§ What is needed
Please output the following records exactly. Leave every image out.

§ Data records
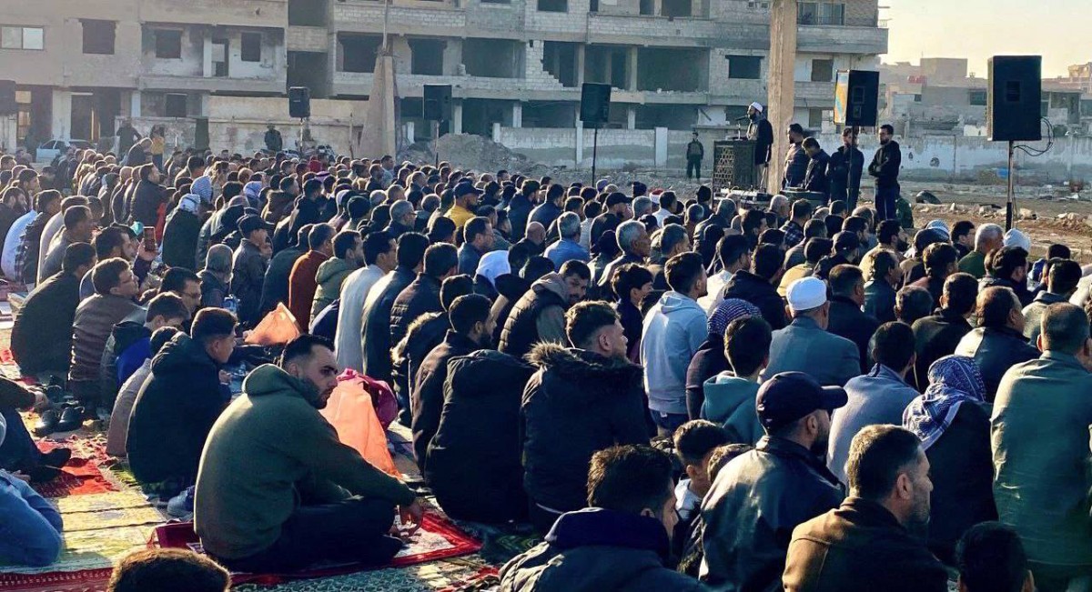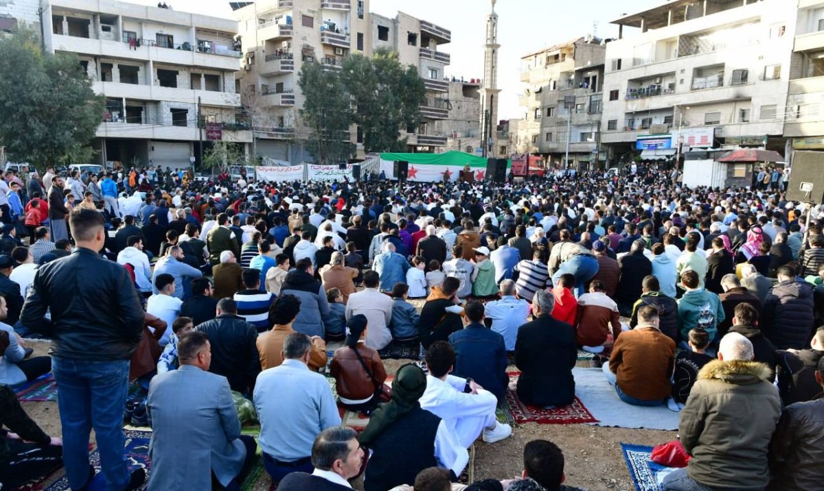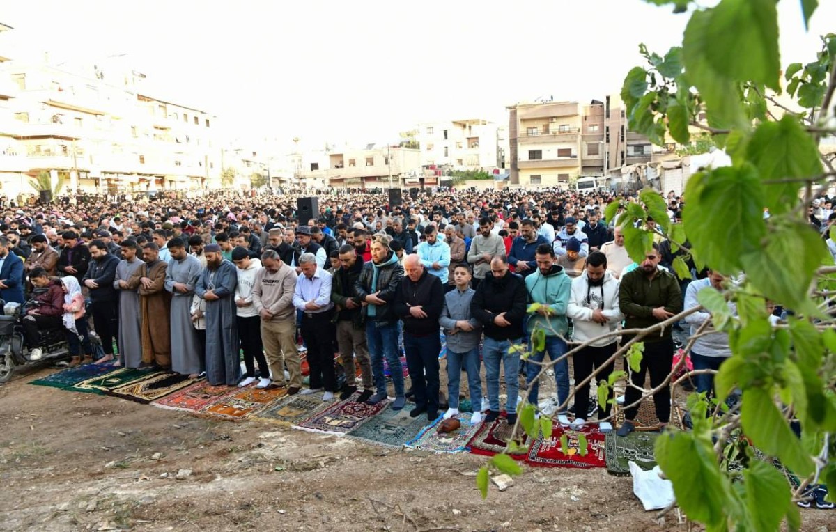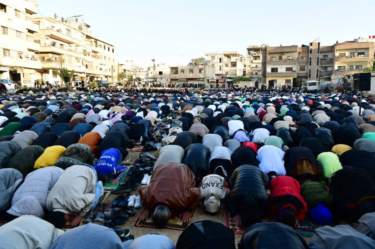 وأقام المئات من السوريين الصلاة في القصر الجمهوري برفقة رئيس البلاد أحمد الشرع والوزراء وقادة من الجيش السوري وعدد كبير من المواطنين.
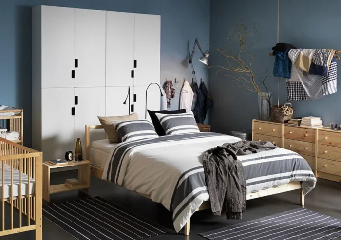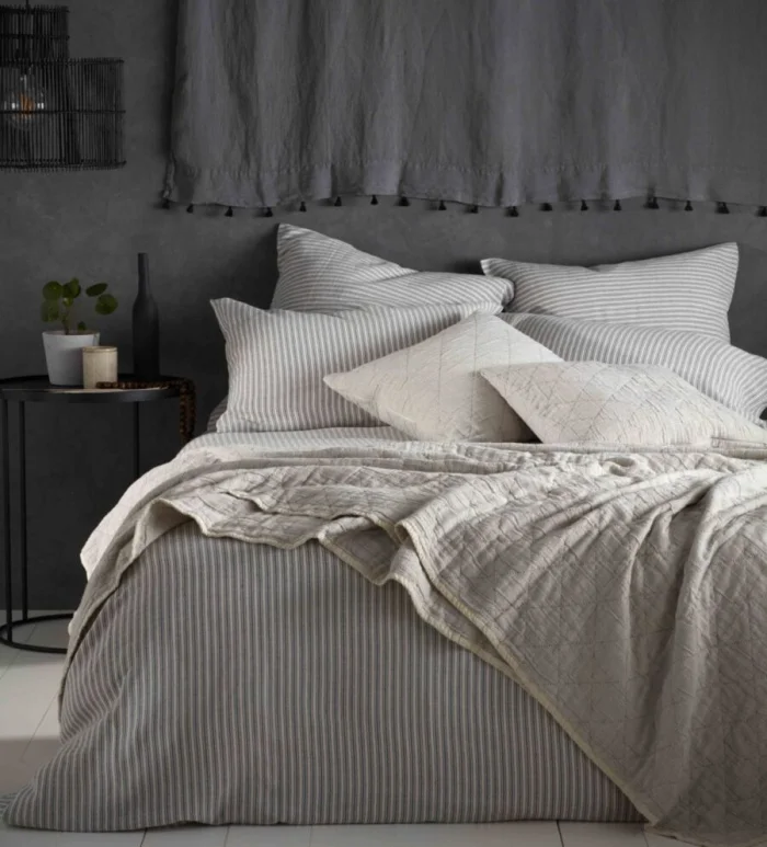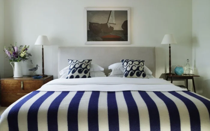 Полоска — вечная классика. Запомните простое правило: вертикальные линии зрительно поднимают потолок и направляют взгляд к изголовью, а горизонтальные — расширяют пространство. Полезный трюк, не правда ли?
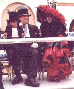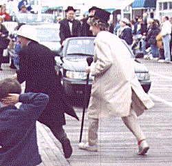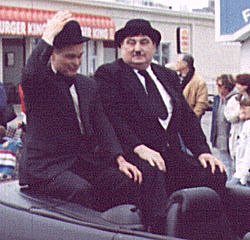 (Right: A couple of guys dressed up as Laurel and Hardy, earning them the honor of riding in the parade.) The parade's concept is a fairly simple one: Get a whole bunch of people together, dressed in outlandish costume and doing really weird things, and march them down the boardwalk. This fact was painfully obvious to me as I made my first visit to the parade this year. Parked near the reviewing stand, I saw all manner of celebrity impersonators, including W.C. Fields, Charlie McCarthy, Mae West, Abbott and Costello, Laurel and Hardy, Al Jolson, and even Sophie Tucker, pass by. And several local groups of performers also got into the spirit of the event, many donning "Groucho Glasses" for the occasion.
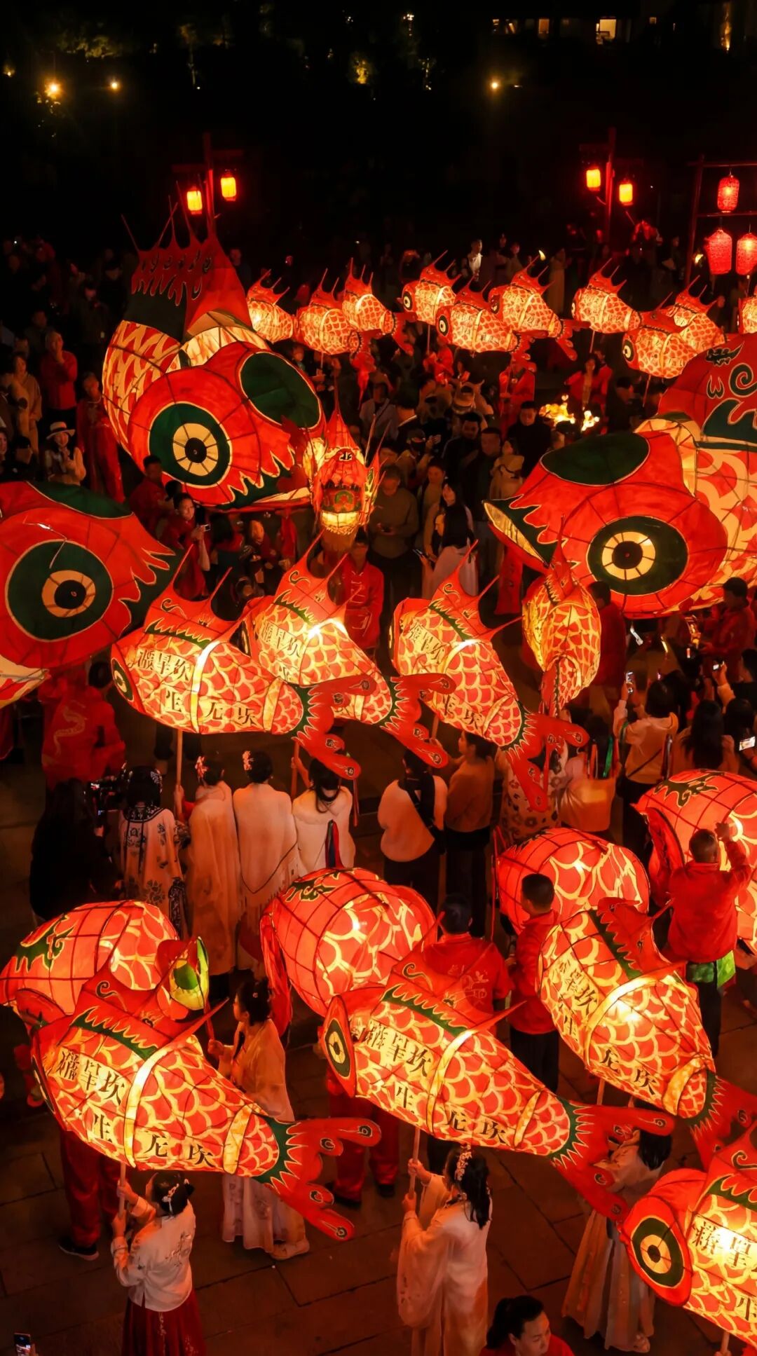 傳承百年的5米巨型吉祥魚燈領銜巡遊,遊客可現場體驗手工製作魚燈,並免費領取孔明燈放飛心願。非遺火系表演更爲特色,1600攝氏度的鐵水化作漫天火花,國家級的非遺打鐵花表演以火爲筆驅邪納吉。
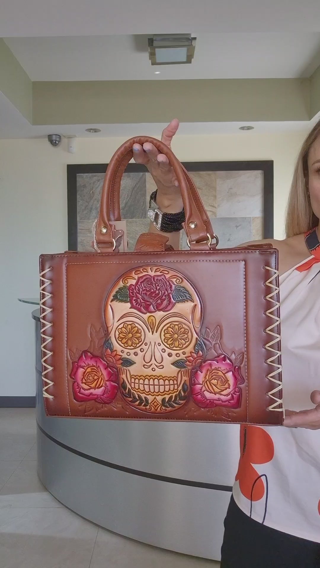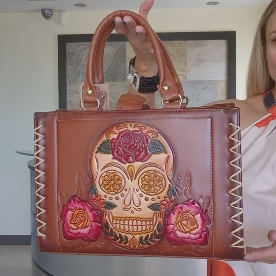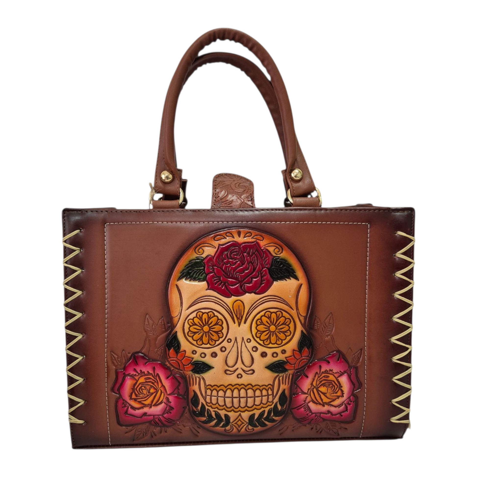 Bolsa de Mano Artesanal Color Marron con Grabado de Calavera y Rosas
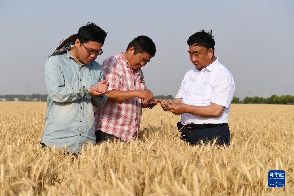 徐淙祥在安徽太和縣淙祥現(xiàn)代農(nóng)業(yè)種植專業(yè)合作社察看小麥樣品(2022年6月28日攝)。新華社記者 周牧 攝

§ Answer
 وأقام المئات من السوريين الصلاة في القصر الجمهوري برفقة رئيس البلاد أحمد الشرع والوزراء وقادة من الجيش السوري وعدد كبير من المواطنين.
 Полоска — вечная классика. Запомните простое правило: вертикальные линии зрительно поднимают потолок и направляют взгляд к изголовью, а горизонтальные — расширяют пространство. Полезный трюк, не правда ли?
 (Right: A couple of guys dressed up as Laurel and Hardy, earning them the honor of riding in the parade.) The parade's concept is a fairly simple one: Get a whole bunch of people together, dressed in outlandish costume and doing really weird things, and march them down the boardwalk. This fact was painfully obvious to me as I made my first visit to the parade this year. Parked near the reviewing stand, I saw all manner of celebrity impersonators, including W.C. Fields, Charlie McCarthy, Mae West, Abbott and Costello, Laurel and Hardy, Al Jolson, and even Sophie Tucker, pass by. And several local groups of performers also got into the spirit of the event, many donning "Groucho Glasses" for the occasion.
 傳承百年的5米巨型吉祥魚燈領銜巡遊,遊客可現場體驗手工製作魚燈,並免費領取孔明燈放飛心願。非遺火系表演更爲特色,1600攝氏度的鐵水化作漫天火花,國家級的非遺打鐵花表演以火爲筆驅邪納吉。
 Bolsa de Mano Artesanal Color Marron con Grabado de Calavera y Rosas
 徐淙祥在安徽太和縣淙祥現(xiàn)代農(nóng)業(yè)種植專業(yè)合作社察看小麥樣品(2022年6月28日攝)。新華社記者 周牧 攝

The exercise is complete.